Mexican Chocolate Zucchini Bread

Rich in chocolate for the chocolate lovers.  Perfect with a hot cup of coffee or a cold glass of milk.

Ingredients

Scale

2 cups shredded zucchini

1 1/4 cups all-purpose flour

1/4 cup unsweetened cocoa

1 teaspoon baking soda

1/4 teaspoon salt

1/2 teaspoon ground cinnamon

1/4 cup ground Mexican chocolate

1/2 cup sugar

1 egg

5 tablespoons butter, melted, room temperature

1/4 teaspoon instant coffee granules

1/4 teaspoon vanilla extract

1/4 cup semi sweet chocolate chips

Instructions

Preheat oven to 350° F. Line a 9×5 loaf pan with parchment paper.  Set aside.

Remove any excess moisture from the zucchini shreds by pressing between 2 paper towels.  Set aside.

Whisk together flour, cocoa, baking soda, salt, cinnamon and Mexican chocolate in a large bowl.  Set aside.

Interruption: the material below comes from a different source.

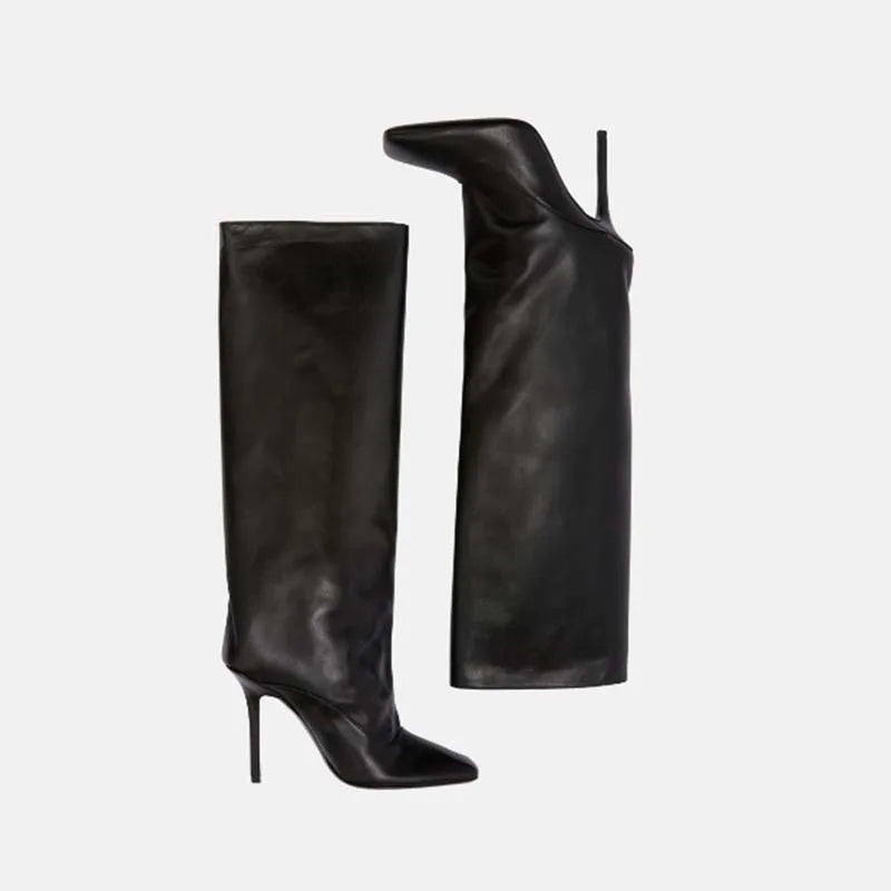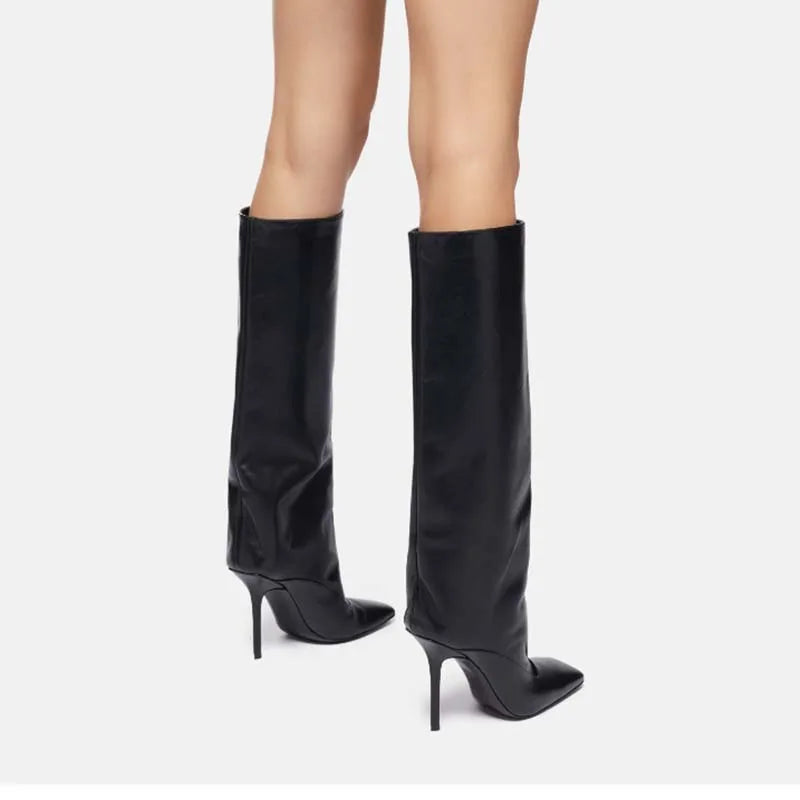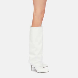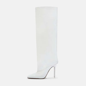 Arden Furtado Autumn 2024 White Square toe Super high heel stiletto heel black Knee high boots Large size wide calf boots 44 45
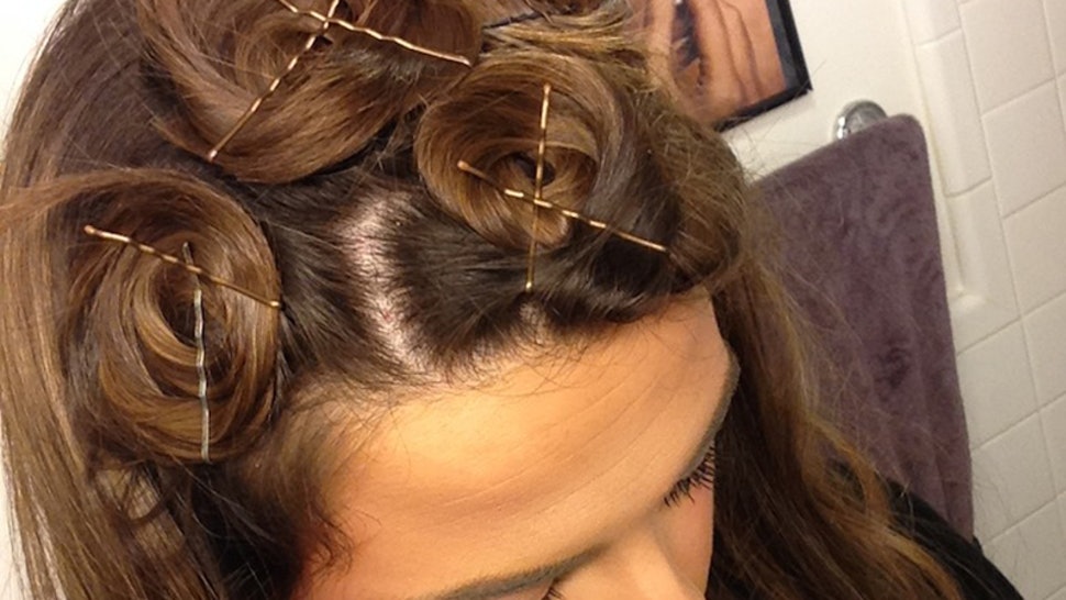 - Поделите волосы на 10-15 одинаковых прядей в зависимости от густоты, скрутите каждую в кольцо и зафиксируйте у корней при помощи невидимки.

In a bowl of a stand mixer, combine sugar, egg, butter and coffee granules.  Mix at medium speed until smooth.  Add zucchini.  Continue to mix until thoroughly combined.

Decrease speed to low. Add flour mixture in batches.  Stir in morsels.

Add batter to prepared loaf pan.  Bake for 50 minutes or until tested with a toothpick, toothpick comes out clean. Remove from pan.  Cool on a wire rack.  Slice and serve.